POSTGRES: Output in database.

CLI Usage#

Stop CSV output:

flatterer --nocsv INPUT_FILE OUTPUT_DIRECTORY

xlsx output:

flatterer --xlsx INPUT_FILE OUTPUT_DIRECTORY

sqlite output:

flatterer --sqlite INPUT_FILE OUTPUT_DIRECTORY

parquet output:

flatterer --parquet INPUT_FILE OUTPUT_DIRECTORY

postgres output:

flatterer --postgres='postgres://user:pass@host/dbname' INPUT_FILE OUTPUT_DIRECTORY

The connection string should be in one of these formats.
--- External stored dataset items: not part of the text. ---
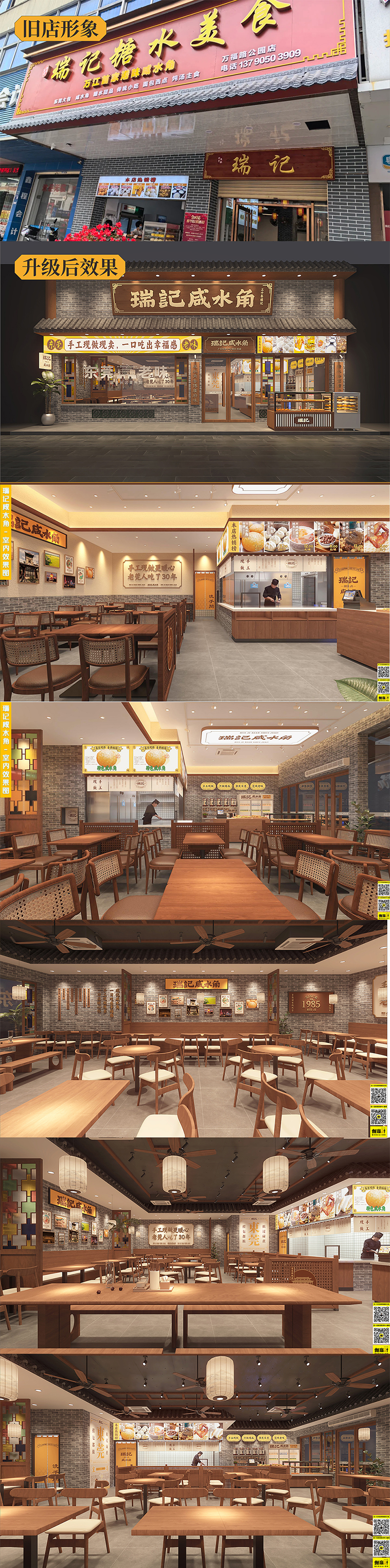 “瑞记咸水角”作为深耕东莞30年的广式小吃品牌,以手工现做的咸水角、经典包点及糖水为核心产品,承载着老莞人的味觉记忆。为应对新消费趋势,餐赢计团队通过品牌战略定位、视觉形象(VI)、空间体验等系统性升级,以“经典年轻化”为核心策略,强化文化认同感,拓展客群边界,将“瑞记”从区域小吃店升级为“广式经典生活方式符号”,实现传统品牌的现代化破局。
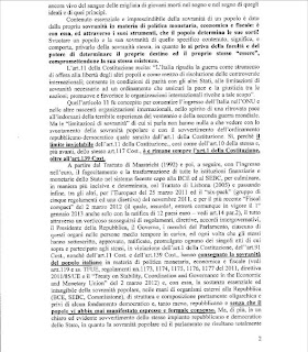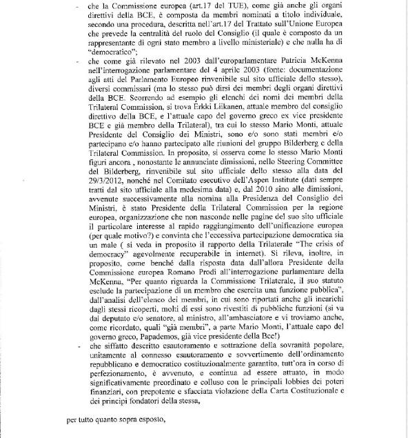 In un estratto della denuncia si legge che il “contenuto essenziale della sovranità di un popolo è dato dalla propria sovranità in materia di politica monetaria, economica e fiscale: è con essa, ed attraverso i suoi strumenti, che un popolo determina le sue sorti. Svuotare un popolo e la sua sovranità di quello specifico contenuto significa, e comporta, privarlo della sovranità stessa, in quanto lo si priva dalla facoltà e dal potere di determinare il proprio destino ed il proprio stesso “essere”, compromettendone la sua stessa esistenza”.
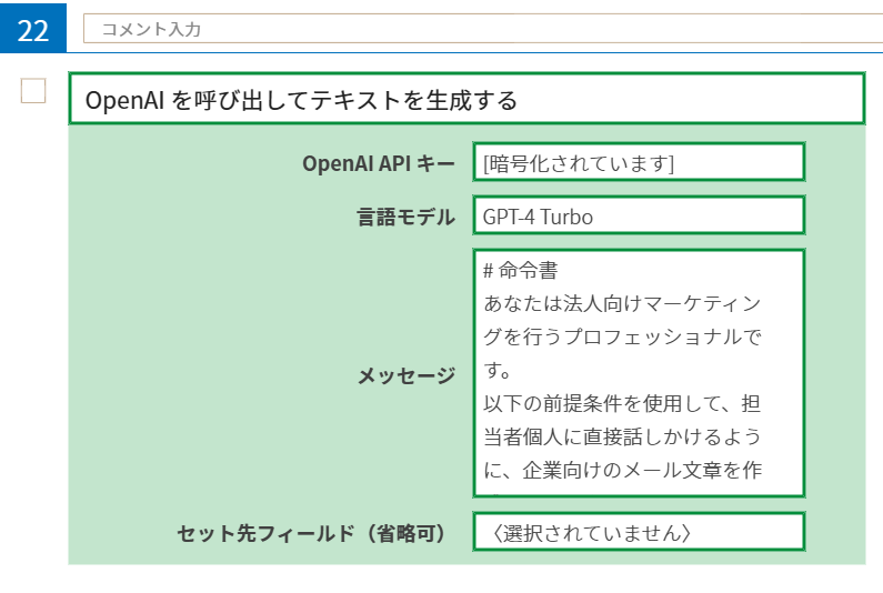 値:やること「OpenAI を呼び出してテキストを生成する」の結果をフィールドに反映するので、「= $6」を設定します。
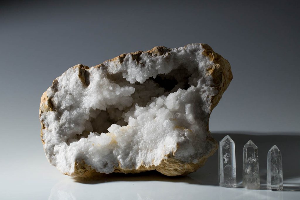 Le Cristal de roche est principalement composé de dioxyde silicium.
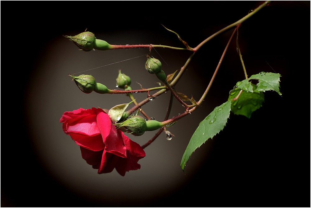 Ein wenig widerspenstig ist sie schon, diese Rose. Nicht so aufrecht, frisch geputzt und gebündelt wie wir sie aus dem Blumengeschäft kennen. Eher etwas frech hängt sie an einem langen Trieb direkt über den Weg, nach einem Regenguß so tief, daß sie mir direkt ins Gesicht klatscht, wenn ich nicht aufpasse. Aber vor dem dunklen Hausflur strahlt sie wunderschön in der Sonne. So möchte ich sie fotografieren.

In addition, if you want the connection string from an environment variable then use the string env (for default DATABASE_URL enviroment variable) env=MY_ENV_VAR (for MY_ENV_VAR environment variable).

postgres output from envirment variable:

flatterer --postgres='env=MY_ENV_VAR' INPUT_FILE OUTPUT_DIRECTORY

This will get the connection string from the MY_ENV_VAR environment variable.

Python Usage#

Export sqlite, xlsx, and parquet but not CSV.

import flatterer

flatterer.flatten('inputfile.json', 'ouput_dir', csv=False, sqlite=True, xlsx=True, parquet=True, postgres='postgres://user:pass@host/dbname')

Main Table Name#

Name of the table that represents data at the root of the JSON object.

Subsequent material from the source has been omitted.